I only refer to this class of argument to show how your brief will contain the full body of your argument so that you will have all your tools ready and sharpened for your use. When you actually get to work, you may not use all of them after all. But if you find your opponent presents a tough, knotty problem for you to saw, your implement is ready. If it is only a pine lath of course a very different tool may be ample. But you will be ready and as you grow experienced in debate your facility will be shown in the ease with which you select now this, now that tool, or discard both of them.

CHAPTER IX
REFUTATION

Not only will your careful analysis of the question formulate your own argument, but it will prepare you to refute that of your opponent. Put just as much care into this part of your preparation as into any other. State to yourself his probable points just as strongly and clearly as you can. If you can put his case better than he, when you come to your refutation, so much the better, provided you are equipped to answer adequately. Of course you can’t spend time enough to answer every point he has made—make up your mind which are the essential ones and strike at them. This selection will be comparatively simple if you have properly analyzed your question in the first place, but will be impossible if you have slighted that part of your work.

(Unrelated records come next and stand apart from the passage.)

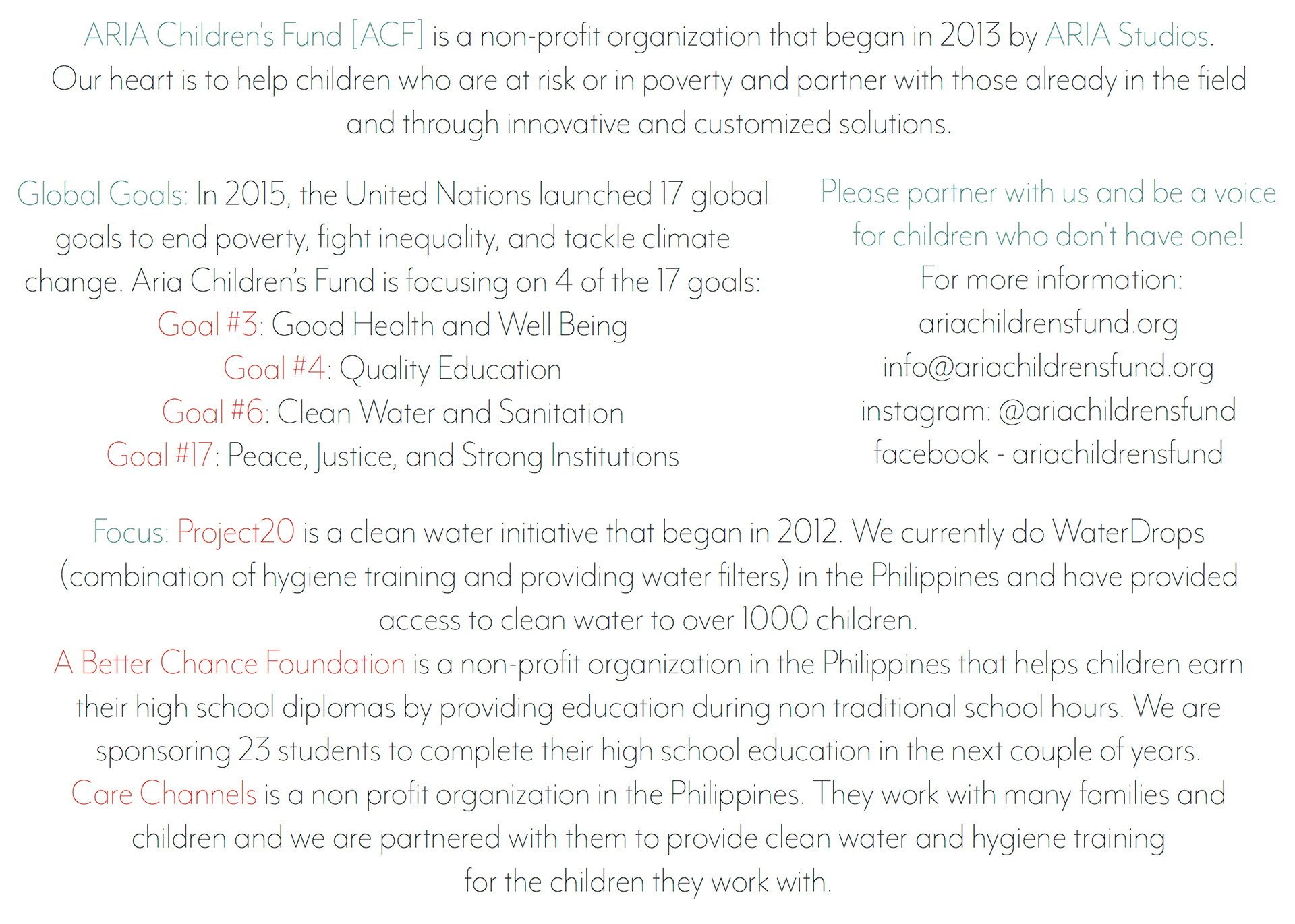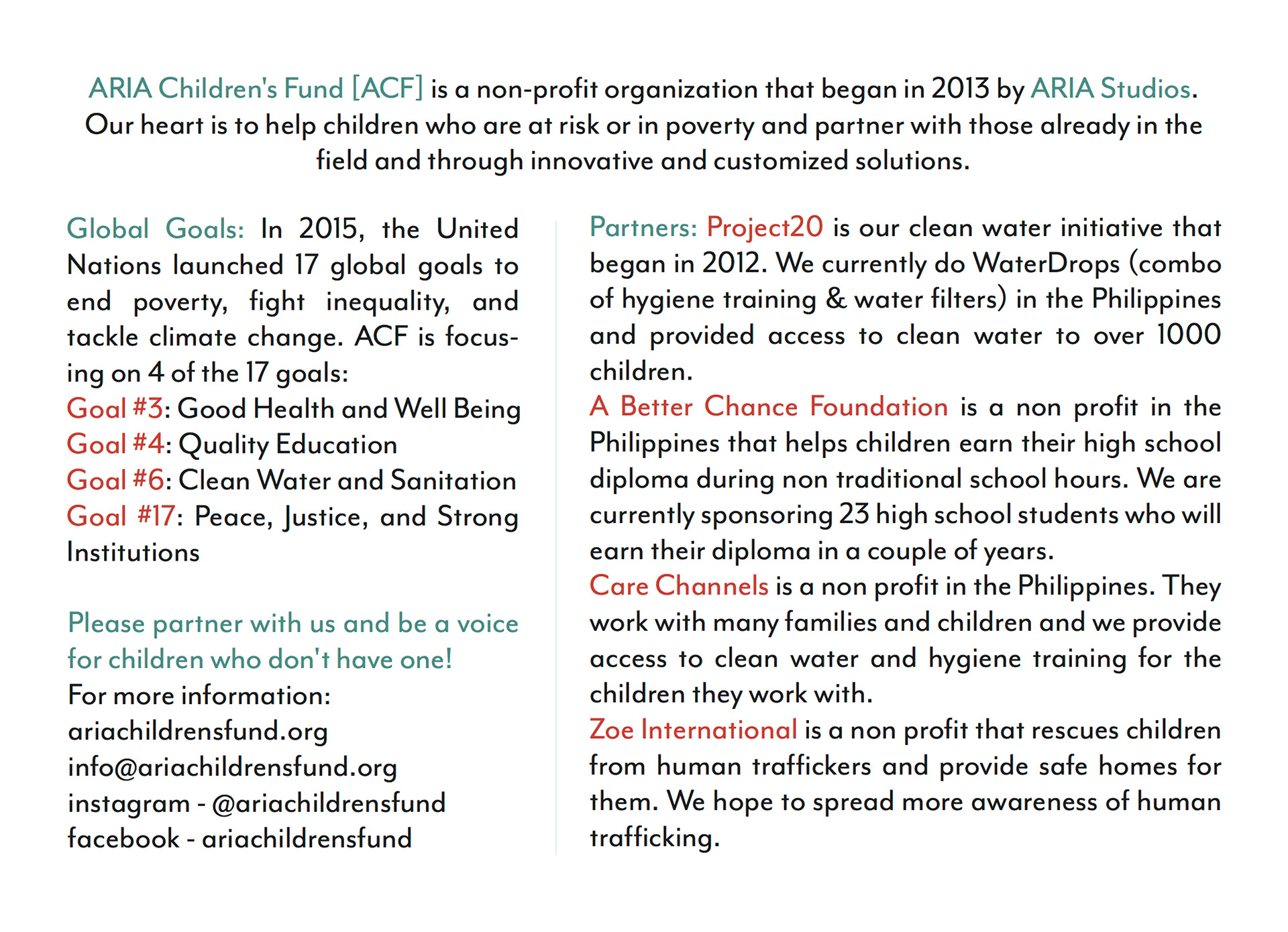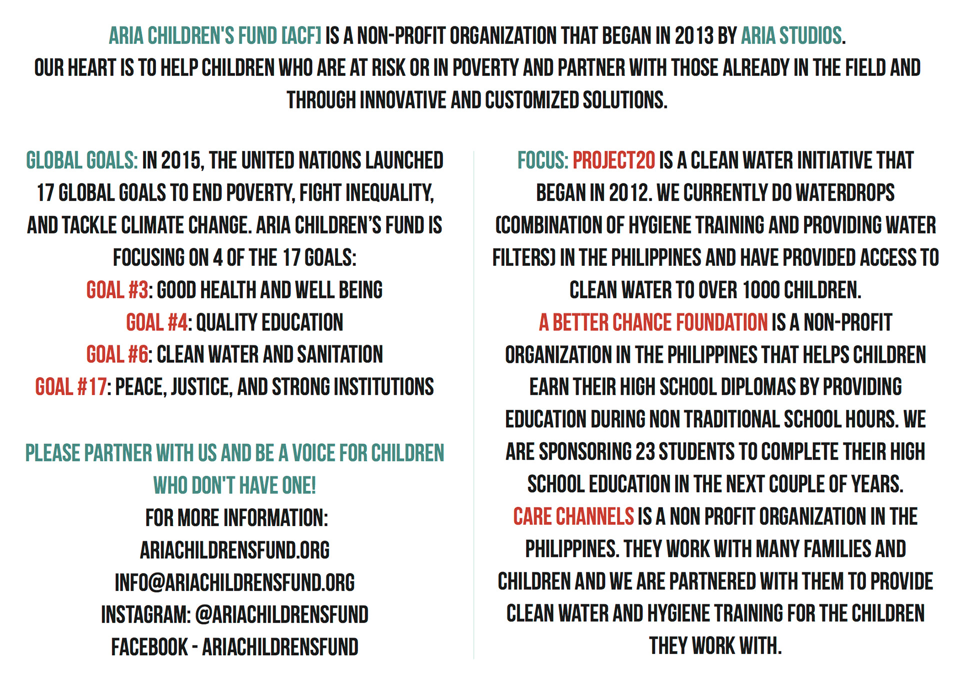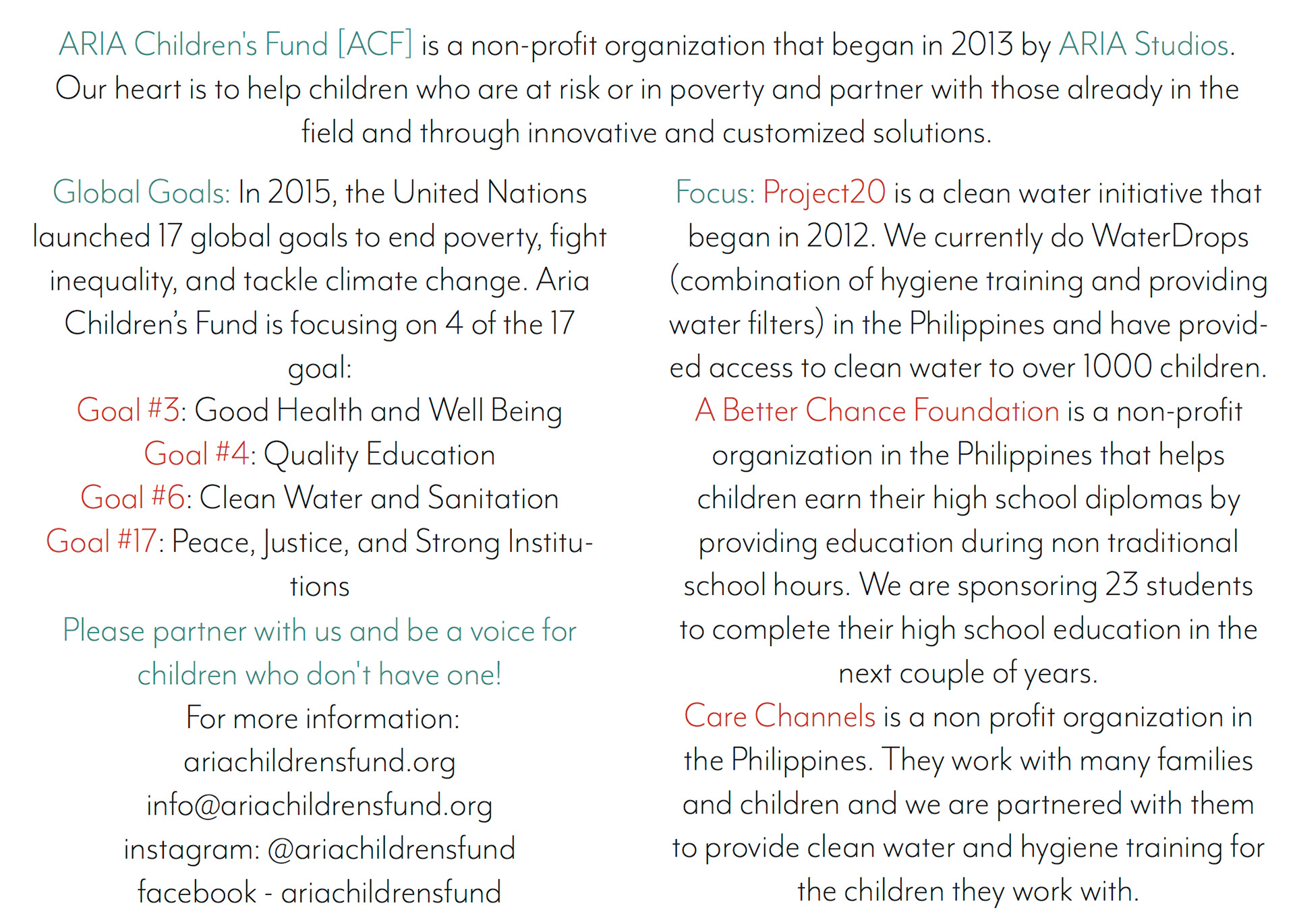 ARIA Children's Fund is a non-profit organization that began in 2013 by ARIA Studios. Their heart is to help children who are at risk or in poverty and partner with those already in the field and through innovative and customized solutions.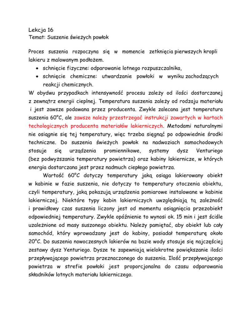 Lekcja 16 Temat: Suszenie świeżych powłok Proces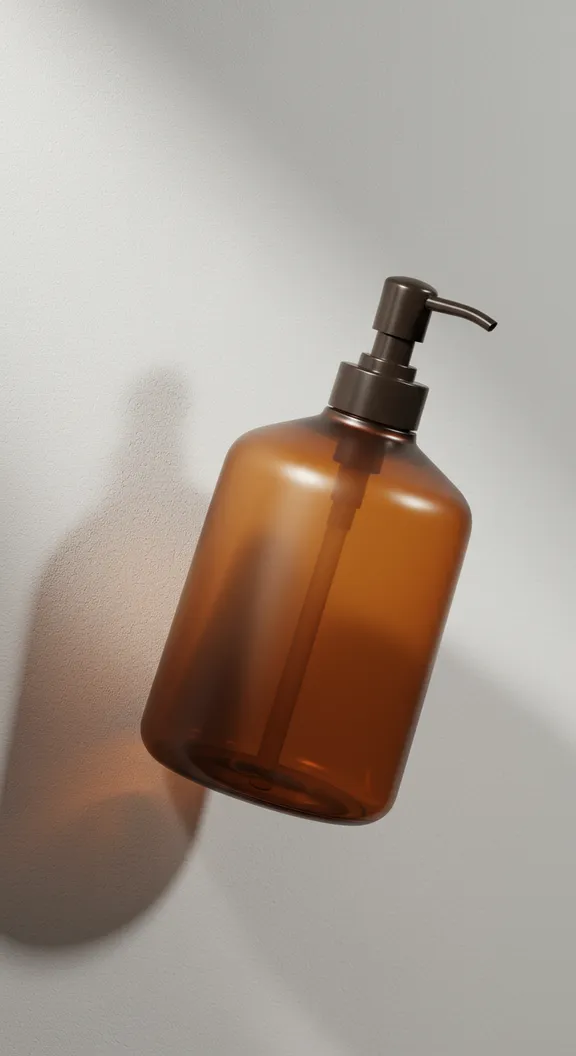 A minimalist amber liquid soap dispenser tilted slightly for a more dynamic feel, set against a textured white wall with subtle shadows. The dispenser's sleek, modern design is emphasized by its warm, matte finish. Soft, natural lighting creates gentle highlights on the curved surface, and the shadow casts a delicate contrast. The composition focuses on the product from an angled perspective, evoking a clean and contemporary atmosphere.

Do not be misled, however, into thinking that refutation itself is easy or of slight importance. It is neither. It calls for the exercise of all of your skill in selecting the essentials and ignoring the non-essentials. The young debater, moreover, is often impaled upon one or the other horn of the dilemma—too much or too little. If you see no side of the case but your own, your beautifully constructed argument may fall to pieces when your opponent, perhaps using some unpretentious fact which you, in your innocence, had entirely overlooked, knocks out the keystone of your arch of logic and your structure falls to ruin. On the other hand, you may demolish one after the other of your opponent’s positions and yet present no counter claims for your own side of the case. If you prove your opponent to be all wrong, you do not thereby prove yourself all right. You must establish your own position and not content yourself merely with destroying that of your enemy—you must be constructive as well as destructive.

Here again the analogy between debate and the later debate of life runs close and sure. The man who in the activity of his group—whether his lodge, his club, his society, his church, his city, or his State—has nothing but criticism to offer is of but little value. It is easy to say “you can’t, you can’t.” Such a statement is as valueless as it is easy.